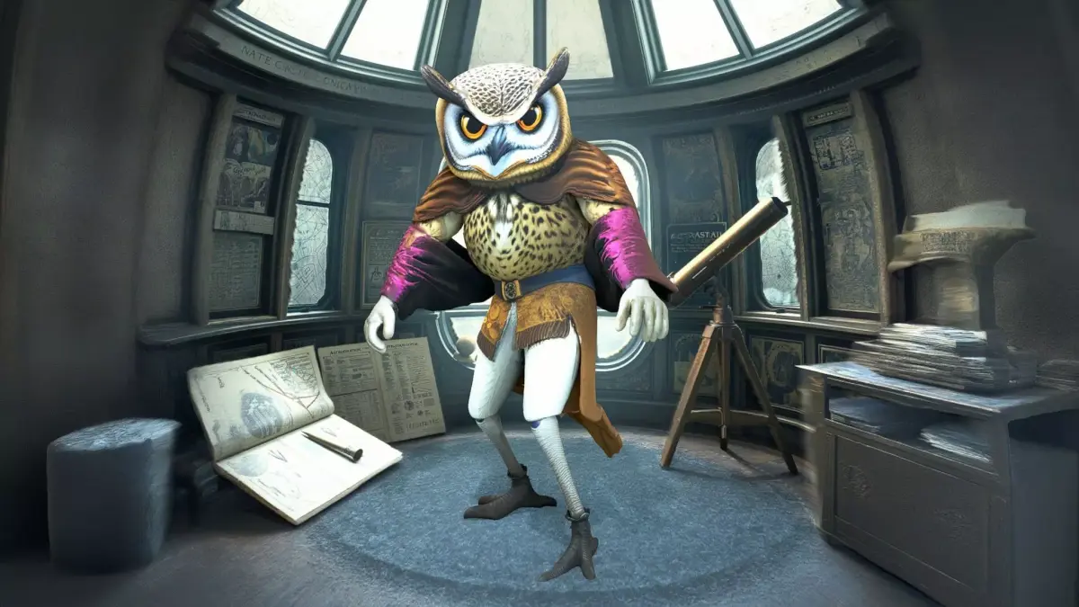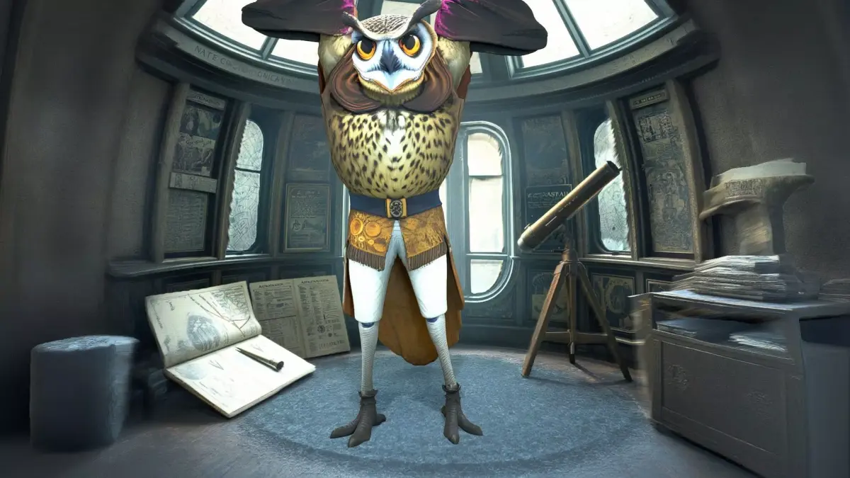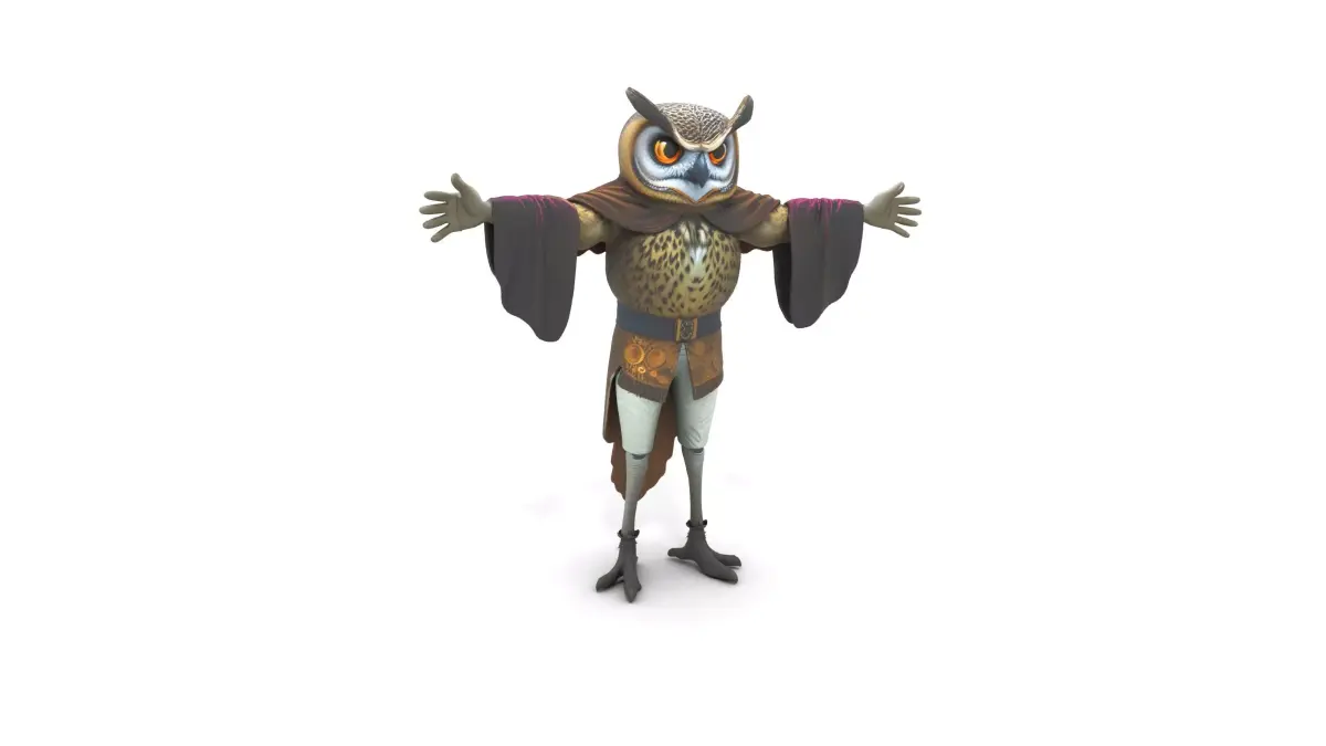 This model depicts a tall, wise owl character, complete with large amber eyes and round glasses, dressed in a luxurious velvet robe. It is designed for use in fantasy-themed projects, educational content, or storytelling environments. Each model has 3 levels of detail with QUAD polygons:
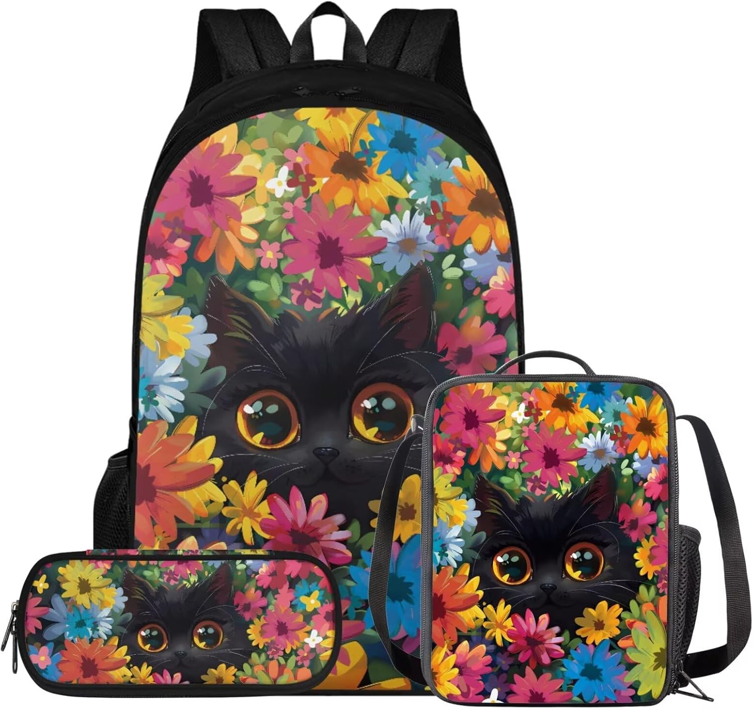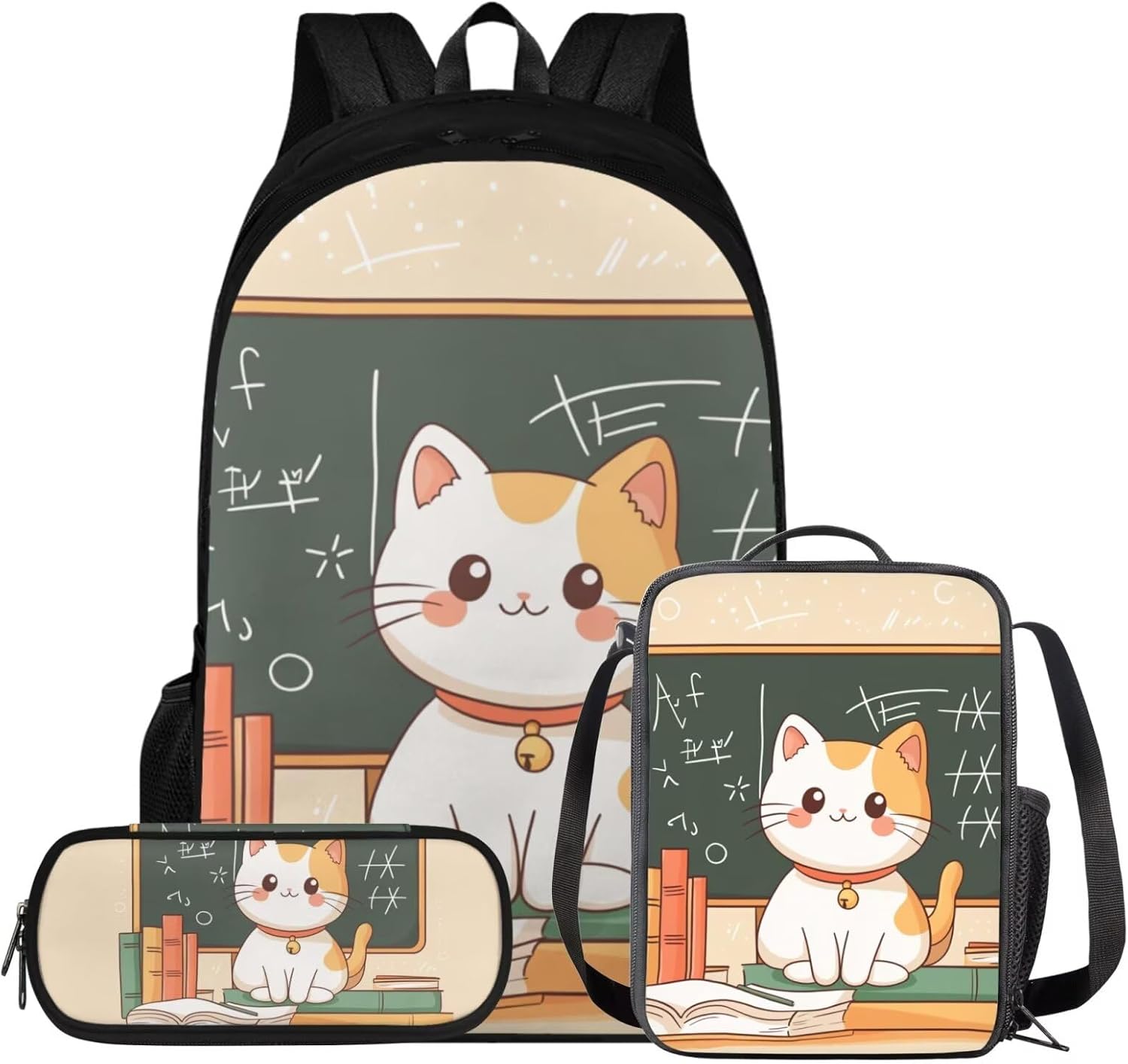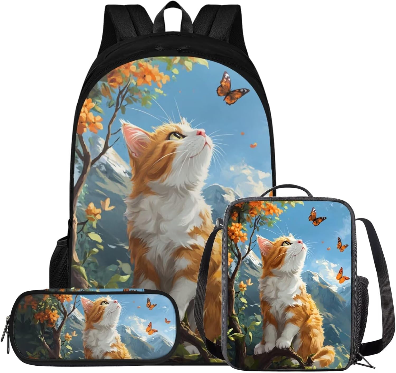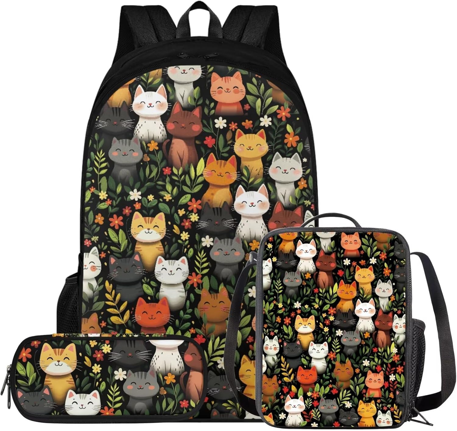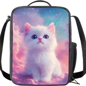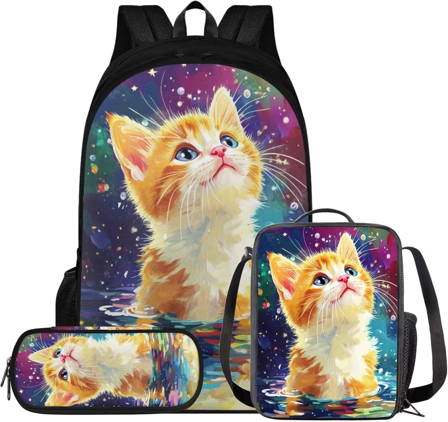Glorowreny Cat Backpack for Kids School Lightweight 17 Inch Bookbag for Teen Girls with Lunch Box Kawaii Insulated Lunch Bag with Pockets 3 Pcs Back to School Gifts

...

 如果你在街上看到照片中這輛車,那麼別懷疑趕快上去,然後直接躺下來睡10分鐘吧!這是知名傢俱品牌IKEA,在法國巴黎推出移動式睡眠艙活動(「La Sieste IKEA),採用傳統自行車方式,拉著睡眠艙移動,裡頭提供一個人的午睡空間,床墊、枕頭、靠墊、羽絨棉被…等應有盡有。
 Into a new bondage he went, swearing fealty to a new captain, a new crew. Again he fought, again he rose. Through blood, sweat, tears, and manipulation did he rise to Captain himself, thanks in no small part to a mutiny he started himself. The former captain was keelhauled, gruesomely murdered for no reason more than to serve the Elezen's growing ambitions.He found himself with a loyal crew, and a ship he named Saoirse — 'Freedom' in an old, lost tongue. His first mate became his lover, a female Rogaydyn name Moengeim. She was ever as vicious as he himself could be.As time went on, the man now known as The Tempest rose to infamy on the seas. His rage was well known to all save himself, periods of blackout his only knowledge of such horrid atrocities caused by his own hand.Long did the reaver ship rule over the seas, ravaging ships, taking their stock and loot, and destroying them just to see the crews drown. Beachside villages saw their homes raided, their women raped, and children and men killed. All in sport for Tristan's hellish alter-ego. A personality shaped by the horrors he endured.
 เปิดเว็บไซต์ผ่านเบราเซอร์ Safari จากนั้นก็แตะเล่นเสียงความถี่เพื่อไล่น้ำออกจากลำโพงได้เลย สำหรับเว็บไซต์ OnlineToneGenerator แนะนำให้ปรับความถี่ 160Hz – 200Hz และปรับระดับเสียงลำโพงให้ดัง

WORK TO BE COMPLETED:
What's needed is an exact copy of the lines above from the one with "This model depicts" through the one with "Glorowreny Cat Backpack", both included; the pictures stay out.

FINISHED TASK:
 This model depicts a tall, wise owl character, complete with large amber eyes and round glasses, dressed in a luxurious velvet robe. It is designed for use in fantasy-themed projects, educational content, or storytelling environments. Each model has 3 levels of detail with QUAD polygons:
Glorowreny Cat Backpack for Kids School Lightweight 17 Inch Bookbag for Teen Girls with Lunch Box Kawaii Insulated Lunch Bag with Pockets 3 Pcs Back to School Gifts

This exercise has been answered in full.